COLD-Attack: Jailbreaking LLMs with Stealthiness and Controllability

2024 | Xingang Guo, Fangxu Yu, Huan Zhang, Lianhui Qin, Bin Hu
COLD-Attack is a novel framework for generating stealthy and controllable adversarial prompts against large language models (LLMs). The paper introduces a method that leverages energy-based constrained decoding with Langevin dynamics (COLD) to enable automated search for adversarial attacks under various control requirements, such as fluency, stealthiness, sentiment, and left-right coherence. The framework unifies and automates the search of adversarial LLM attacks, allowing for diverse attack scenarios that go beyond traditional settings. COLD-Attack is evaluated on multiple LLMs, including Llama-2, Mistral, Vicuna, Guanaco, GPT-3.5, and GPT-4, demonstrating high success rates, strong controllability, and attack transferability. The method outperforms existing techniques in terms of fluency, stealthiness, and diversity of generated attacks. The paper also highlights the importance of controllability in assessing LLM safety and emphasizes the need for robust defenses against adversarial prompts. The study underscores the potential risks associated with adversarial attacks and calls for further research into effective defense mechanisms to enhance LLM safety and ethical deployment.COLD-Attack is a novel framework for generating stealthy and controllable adversarial prompts against large language models (LLMs).
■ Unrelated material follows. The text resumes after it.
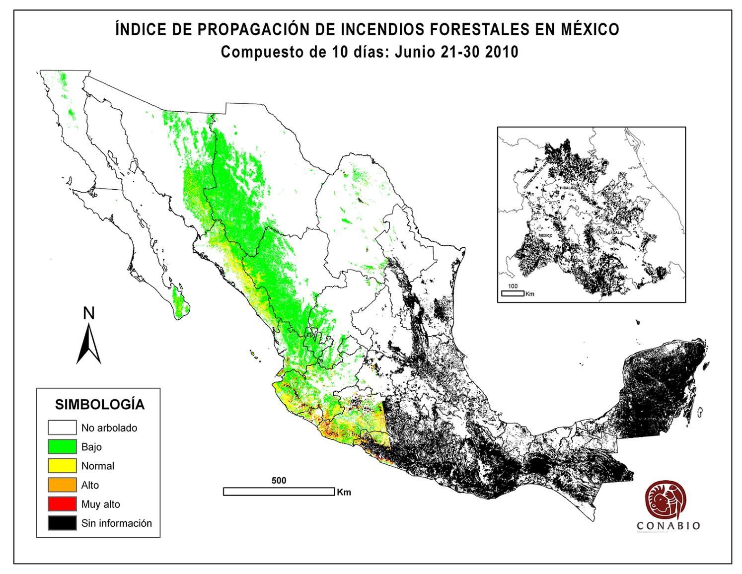 Indica el riesgo de propagación de incendios forestales. Se basa exclusivamente en el vigor de la vegetación, cuanto más seca está la vegetación, más rápido se podrá extender el posible fuego (incendio). Los valores para el índice son: Bajo -> Normal -> Alto -> Muy alto NA (No aplica) se refiere al agua, vegetación no arbolada y los usos de suelo mostrados en gris. ND (No disponible) indica que no hubo información para generar el índice. |
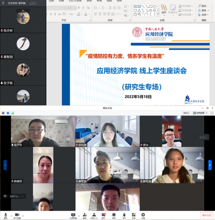 为深入学习领会和贯彻落实习近平总书记在中国人民大学考察时、在庆祝中国共青团成立100周年大会上的重要讲话精神,落实学校“四个一”要求与疫情防控工作精神,新葡京官网 于5月18日下午以线上形式召开“院长书记下午茶”暨学生代表座谈会,深入了解疫情期间同学们的思想动态、心理状况和学习生活情况,倾听学生的诉求和意见建议。新葡京官网 2019级、2020级、2021级博士生代表和2020级、2021级硕士生代表参加线上座谈会,新葡京官网 安子栋副教授主持会议。

The paper introduces a method that leverages energy-based constrained decoding with Langevin dynamics (COLD) to enable automated search for adversarial attacks under various control requirements, such as fluency, stealthiness, sentiment, and left-right coherence. The framework unifies and automates the search of adversarial LLM attacks, allowing for diverse attack scenarios that go beyond traditional settings. COLD-Attack is evaluated on multiple LLMs, including Llama-2, Mistral, Vicuna, Guanaco, GPT-3.5, and GPT-4, demonstrating high success rates, strong controllability, and attack transferability. The method outperforms existing techniques in terms of fluency, stealthiness, and diversity of generated attacks. The paper also highlights the importance of controllability in assessing LLM safety and emphasizes the need for robust defenses against adversarial prompts. The study underscores the potential risks associated with adversarial attacks and calls for further research into effective defense mechanisms to enhance LLM safety and ethical deployment.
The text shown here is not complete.